Optimizing NTLM authentication flow in multi-domain environments
I’ll start with the obvious: Kerberos is the way to go. NTLM is less secure and is being de-emphasized in the recent versions of the OS. Your first option should always be to attempt to make your applications work with Kerberos. But things take time and it will be long till we find ourselves in the NTLM-less environment.
But we live in the real world and find ourselves dealing with NTLM on a daily basis, so lets start with some background and look at how basic NTLM authentication works (this is explained here in more details)
- (Interactive authentication only) A user accesses a client computer and provides a domain name, user name, and password. The client computes a cryptographic hash of the password and discards the actual password (note that this is not the actual user authentication, which would preferably be done using Kerberos).
- The client sends the user name to the server (in plaintext).
- The server generates a 16-byte random number, called a challenge or nonce, and sends it to the client.
- The client encrypts this challenge with the hash of the user's password and returns the result to the server. This is called the response.
- The server sends the following three items to the domain controller:
- User Name
- Challenge sent to the client
- Response received from the client
- The domain controller uses the user name to retrieve the hash of the user's password from the Security Account Manager database. It uses this password hash to encrypt the challenge.
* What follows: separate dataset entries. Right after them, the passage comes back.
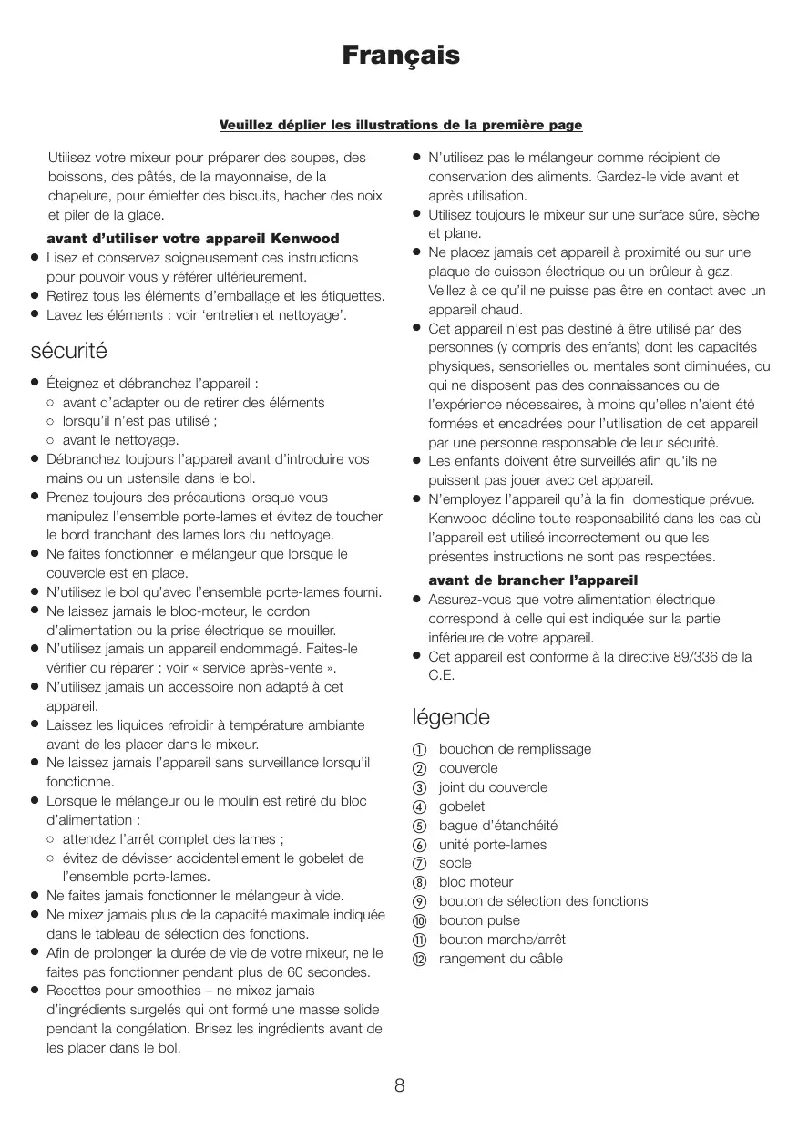 ● Ne placez jamais cet appareil à proximité ou sur une plaque de cuisson électrique ou un brûleur à gaz. Veillez à ce qu’il ne puisse pas être en contact avec un appareil chaud. Cet appareil n’est pas destiné à être utilisé par des personnes (y compris des enfants) dont les capacités physiques, sensorielles ou mentales sont diminuées, ou qui ne disposent pas des connaissances ou de l’expérience nécessaires, à moins qu’elles n’aient été formées et encadrées pour l’utilisation de cet appareil par une personne responsable de leur sécurité. Les enfants doivent être surveillés afin qu'ils ne puissent pas jouer avec cet appareil. N’employez l’appareil qu’à la fin domestique prévue. Kenwood décline toute responsabilité dans les cas où l’appareil est utilisé incorrectement ou que les présentes instructions ne sont pas respectées. avant de brancher l’appareil Assurez-vous que votre alimentation électrique correspond à celle qui est indiquée sur la partie inférieure de votre appareil. Cet appareil est conforme à la directive 89/336 de la C.E.
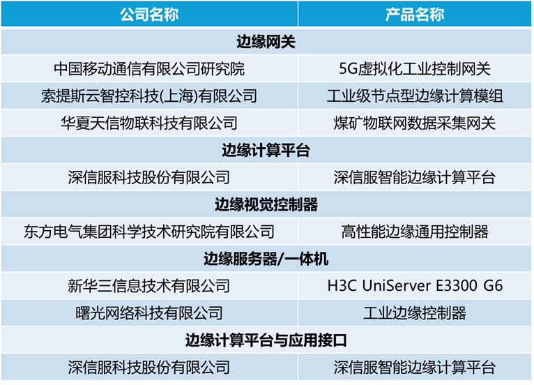 第五批通過“邊緣計算標(biāo)準(zhǔn)件計劃”測試產(chǎn)品名單(排名不分先后)
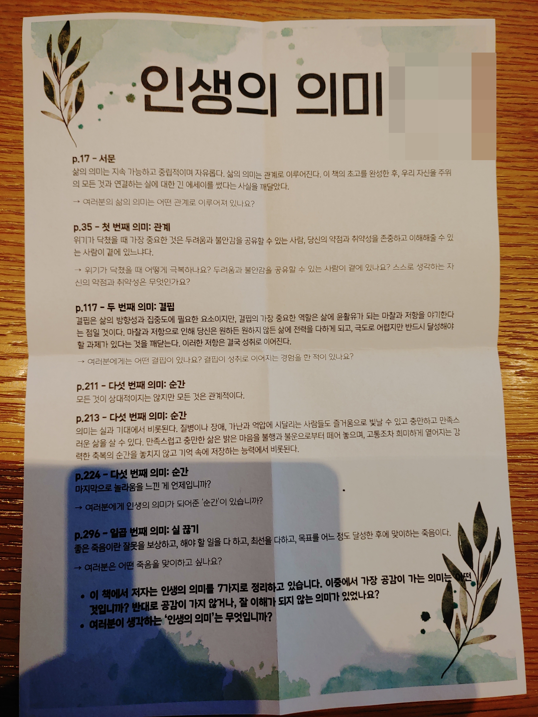 - 2024년 마지막 정모로 책을 읽게 되었습니다. 책을 3번 정도 정독을 했는데 내용들이 스쳐지나가는 느낌이었습니다. 읽으면 까멱는 느낌 저는 솔직히 책에서 인생의 의미를 찾기보다는 이번 독서모임에 참여하면서 발제문을 통해 서로 질문하고 답을 하는 과정에서 인생의 더 찾게 되는 것 같네요.
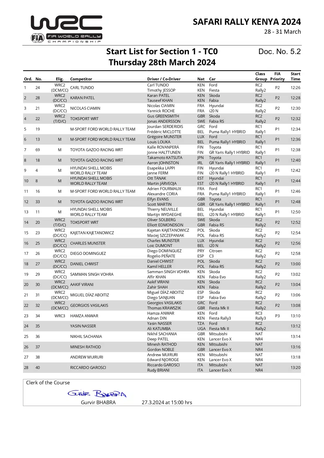 Une seule spéciale prévue aujourd’hui avec la Super Special Kasarani et ses 4.84 km qui seront à vivre dès 12h05. Et c’est Carl Tundo qui ouvrira la route devant Karan Patel et Nicolas Ciamin. Il faudra attendre la cinquième voiture pour voir les Rally1 en action avec Jourdan Serderidis.

- The domain controller compares the encrypted challenge it computed (in step 6) to the response computed by the client (in step 4). If they are identical, authentication is successful and the domain controller notifies the server.
As you can see, NTLM is quite chatty and requires the resource being accessed to be able to successfully authenticate the user credentials by consulting a Domain Controller from the user’s domain.
Nothing new meanwhile, right ? So let’s complicate things a bit . Lets look at what happens when our environment consists of a single forest with 3 domains (forest root domain and 2 child domains):
The specific scenario I want to discuss is a user from AMERICAS domain accessing a resource on server in EMEA domain and using (god behold) NTLM. If we look at what happens behind the scenes, we will see the following flow:
Not exactly something you would expect, right ? Waaaay far from optimal.
- Client (GUYTEWKS) sends username (EMEA\guyte) to FILESRV01.americas.bigcorp.net
- FILESRV01 generates NTLM challenge and sends it back to the client
- The client sends NTLM response, containing the encrypted user password hash, to FILESRV01
- FILESRV01 passes the authentication request to a DC in the domain it is member of to which it has a secure channel active (USDC01.americas.bigcorp.net in our case)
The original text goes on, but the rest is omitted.